Sydney, Apr. 8, 2021 /Medianet/ --

Co-founder of BuyersBuyers.com.au Pete Wargent said that the end of the JobKeeper payment program will not represent a systemic risk for mortgage defaults in the housing market.

 

“At the individual level there might be the potential for mortgage stress and a modest increase in unemployment resulting from the ending of the JobKeeper program, and as many are switched onto the JobSeeker income support package” Mr Wargent said.

 

“However, the risks of widespread mortgage default have thankfully materially subsided for a number of reasons”.

 

Mr Wargent noted that most importantly, the latest update from APRA on loan deferrals showed a huge swing towards the resumption of repayments, to the extent that only $11.7 billion of housing loans remained deferred, or approximately 0.7 per cent of housing loans by value. For context, new housing lending is running at close to $30 billion per month.

 

Mr Wargent said “in addition, housing prices are now rising almost across the board, significantly reducing the willingness to default, and lenders have more flexibility to offer interest-only terms or work with borrowers in hardship.

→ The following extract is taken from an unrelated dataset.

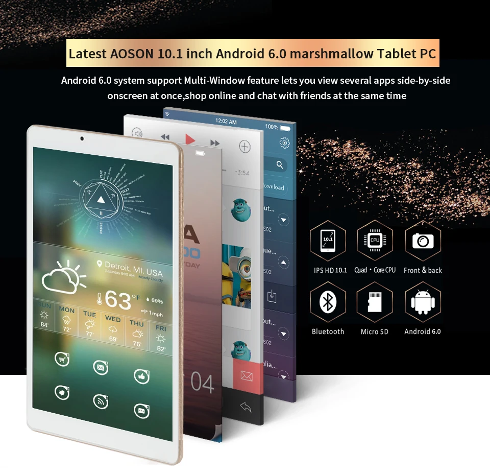 AOSON 10.1 inch 1/2GB+16/32GB Android 6.0 Quad Core Tablets pc 800*1280 IPS Dual Cameras Bluetooth WIFI 5000mAh Hot sale Tablets
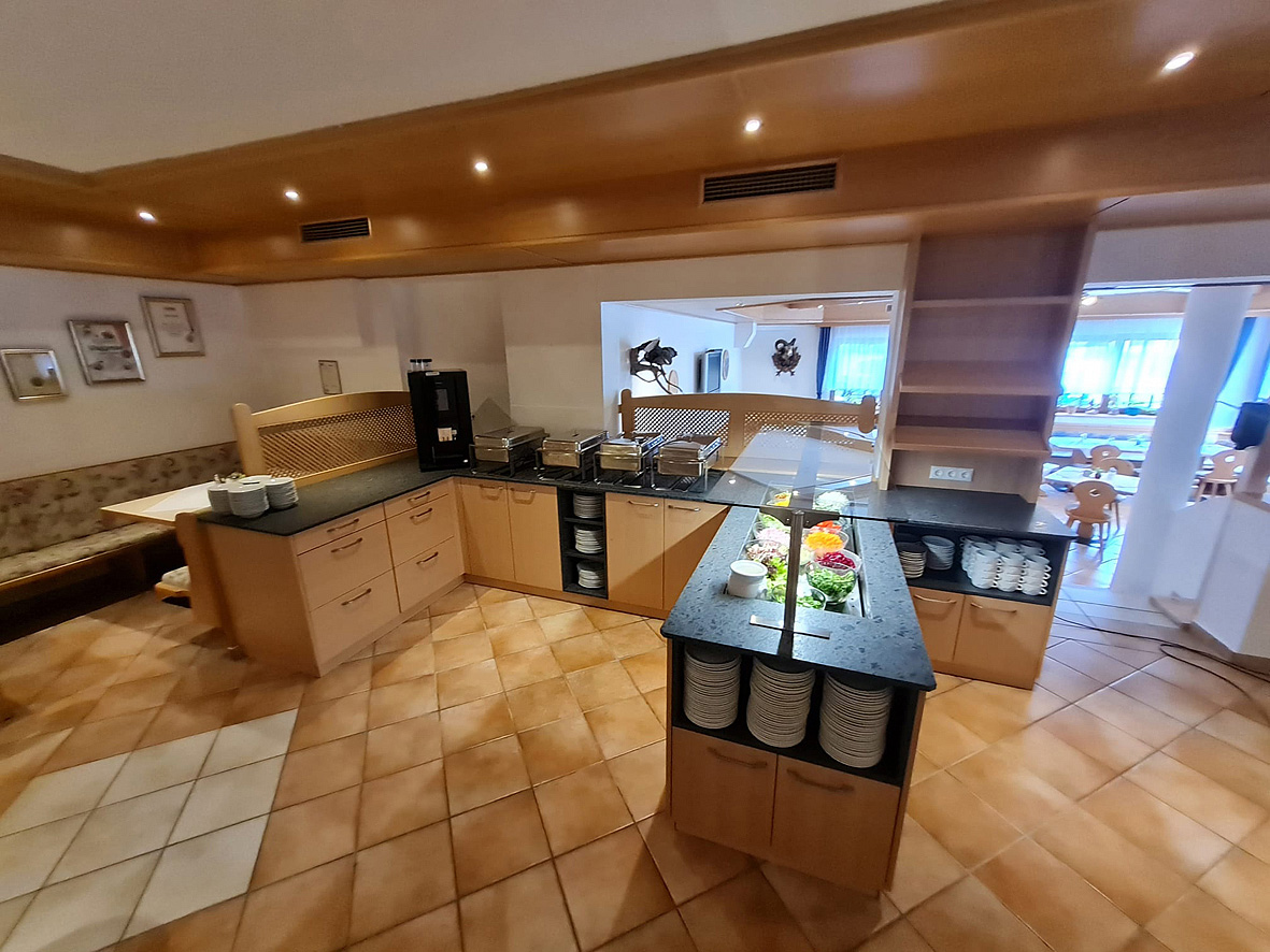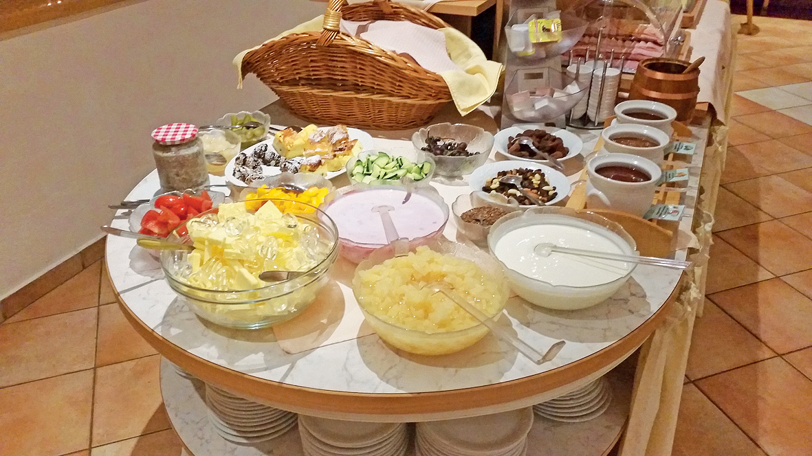 servírované 3chodové menu či formou bufetu s výběrem hlavního jídla s přílohou, zpravidla servírovaný předkrm, salát a dezert; 1x týdně tematický bufet či grilování (v závislosti na počasí); od 15:00 do 21:00 hodin zdarma vybrané nealkoholické nápoje, káva, kakao a čaj; ostatní nápoje za poplatek

Notably, lenders have effectively been the ‘shock absorbers’ of the housing market during the pack of the pandemic, trying to mimimise reputational damage and keep forced sales to a minimum”.

 

“Best of all, there were about 290,000 job vacancies by the end of February, by far the highest figure we’ve seen in Australia, and this at a time when immigration is effectively switched off”.

 

“Overall the government’s stimulus packages have been successful in limiting the fallout from the 2020 disruptions, and most of those urgently seeking work will thankfully find it in the current environment” Mr Wargent said. 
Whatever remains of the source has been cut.